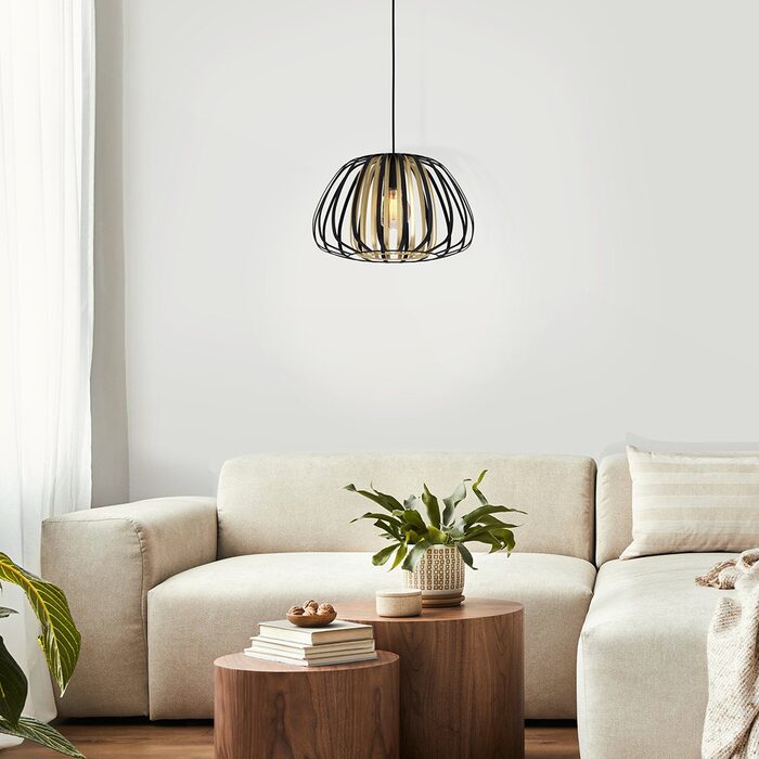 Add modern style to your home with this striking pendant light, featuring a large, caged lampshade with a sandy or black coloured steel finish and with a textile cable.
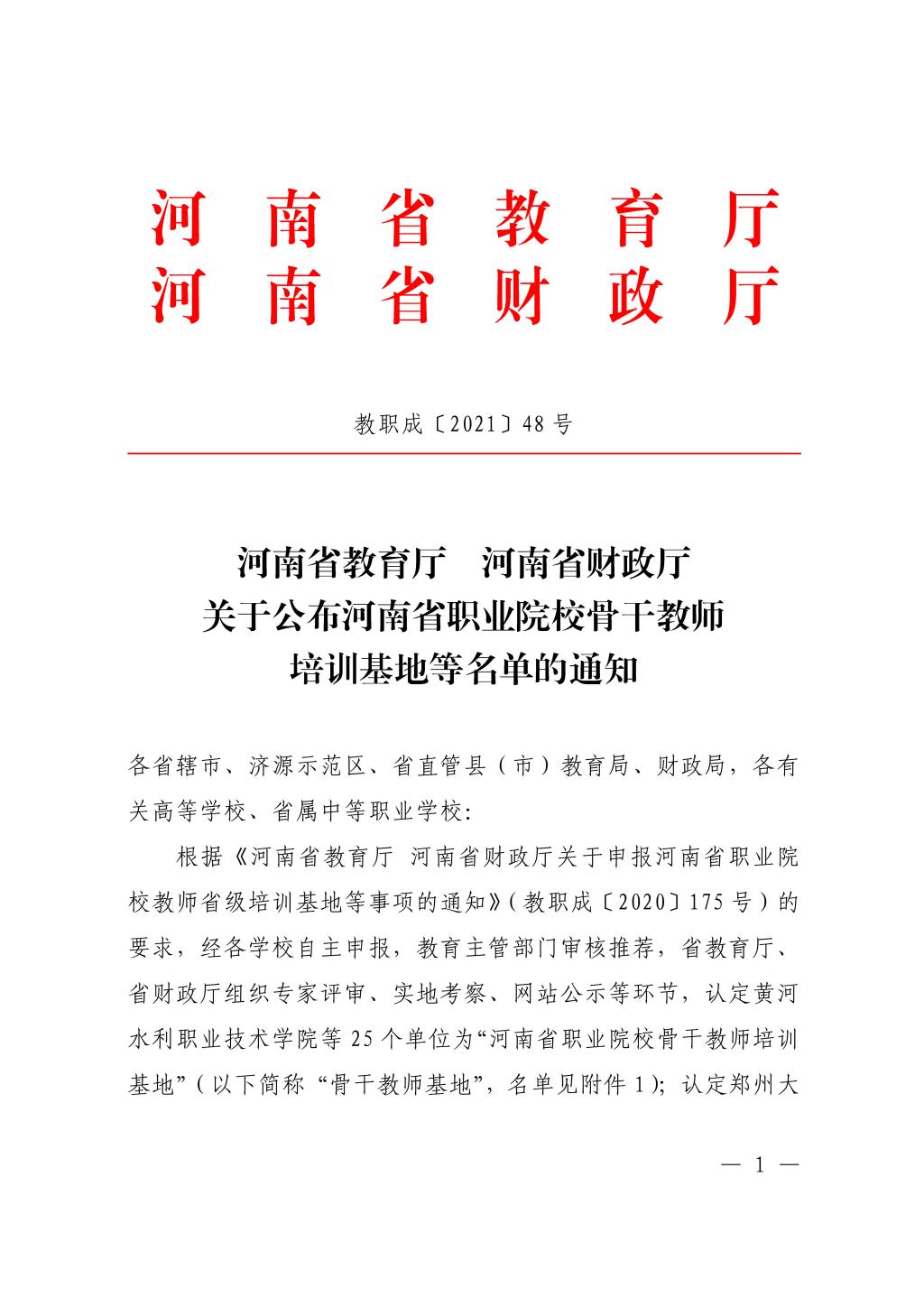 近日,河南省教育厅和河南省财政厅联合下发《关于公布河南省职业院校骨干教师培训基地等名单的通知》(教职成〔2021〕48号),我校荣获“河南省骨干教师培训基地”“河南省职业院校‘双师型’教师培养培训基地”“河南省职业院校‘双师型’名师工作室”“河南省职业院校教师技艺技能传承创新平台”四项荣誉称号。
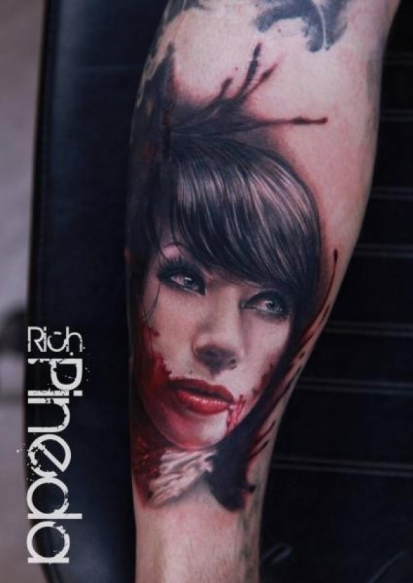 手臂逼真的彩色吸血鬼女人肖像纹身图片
...
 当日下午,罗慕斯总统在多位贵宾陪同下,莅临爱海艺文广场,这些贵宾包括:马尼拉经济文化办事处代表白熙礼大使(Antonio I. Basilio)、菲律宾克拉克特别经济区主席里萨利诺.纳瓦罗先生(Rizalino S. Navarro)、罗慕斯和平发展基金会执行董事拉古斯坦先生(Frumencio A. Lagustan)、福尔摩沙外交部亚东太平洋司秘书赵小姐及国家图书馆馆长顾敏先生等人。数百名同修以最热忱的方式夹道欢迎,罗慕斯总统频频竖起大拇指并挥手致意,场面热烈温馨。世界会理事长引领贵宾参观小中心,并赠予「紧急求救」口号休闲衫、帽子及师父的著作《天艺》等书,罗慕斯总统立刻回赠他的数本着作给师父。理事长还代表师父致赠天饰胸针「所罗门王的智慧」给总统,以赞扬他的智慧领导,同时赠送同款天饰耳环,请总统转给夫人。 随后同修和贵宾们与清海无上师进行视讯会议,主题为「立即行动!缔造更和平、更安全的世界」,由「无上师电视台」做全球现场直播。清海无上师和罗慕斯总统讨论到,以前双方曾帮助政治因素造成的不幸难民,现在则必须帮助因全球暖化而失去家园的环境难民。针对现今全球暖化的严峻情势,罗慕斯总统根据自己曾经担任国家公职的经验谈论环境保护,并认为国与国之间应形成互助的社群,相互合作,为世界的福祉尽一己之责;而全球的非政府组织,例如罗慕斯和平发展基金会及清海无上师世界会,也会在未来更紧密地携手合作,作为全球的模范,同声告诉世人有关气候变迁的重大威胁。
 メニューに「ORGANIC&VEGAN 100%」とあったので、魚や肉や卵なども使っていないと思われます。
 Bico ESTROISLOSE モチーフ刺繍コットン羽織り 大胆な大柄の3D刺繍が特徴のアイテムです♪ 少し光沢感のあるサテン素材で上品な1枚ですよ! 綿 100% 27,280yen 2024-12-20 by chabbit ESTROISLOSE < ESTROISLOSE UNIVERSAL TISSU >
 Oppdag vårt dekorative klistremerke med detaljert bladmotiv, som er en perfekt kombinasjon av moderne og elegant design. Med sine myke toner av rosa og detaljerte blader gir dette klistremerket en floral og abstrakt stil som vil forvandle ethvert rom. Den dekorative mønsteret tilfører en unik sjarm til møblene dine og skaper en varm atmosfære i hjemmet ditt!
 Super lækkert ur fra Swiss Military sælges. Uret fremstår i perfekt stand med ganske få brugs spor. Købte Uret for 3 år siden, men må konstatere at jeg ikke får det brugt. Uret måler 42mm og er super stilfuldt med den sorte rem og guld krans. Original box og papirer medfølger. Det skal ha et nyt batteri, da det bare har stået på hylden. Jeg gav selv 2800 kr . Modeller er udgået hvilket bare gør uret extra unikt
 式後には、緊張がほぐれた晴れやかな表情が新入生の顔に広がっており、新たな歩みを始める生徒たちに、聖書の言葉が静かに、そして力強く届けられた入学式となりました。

--- EXERCISE AIM ---
Using the records above, return word for word the lines that begin at the one containing "Add modern style" and end at the one containing "手臂逼真的彩色吸血鬼女人肖像纹身图片", both of them included and no pictures.

--- EXERCISE SOLUTION ---
 Add modern style to your home with this striking pendant light, featuring a large, caged lampshade with a sandy or black coloured steel finish and with a textile cable.
 近日,河南省教育厅和河南省财政厅联合下发《关于公布河南省职业院校骨干教师培训基地等名单的通知》(教职成〔2021〕48号),我校荣获“河南省骨干教师培训基地”“河南省职业院校‘双师型’教师培养培训基地”“河南省职业院校‘双师型’名师工作室”“河南省职业院校教师技艺技能传承创新平台”四项荣誉称号。
 手臂逼真的彩色吸血鬼女人肖像纹身图片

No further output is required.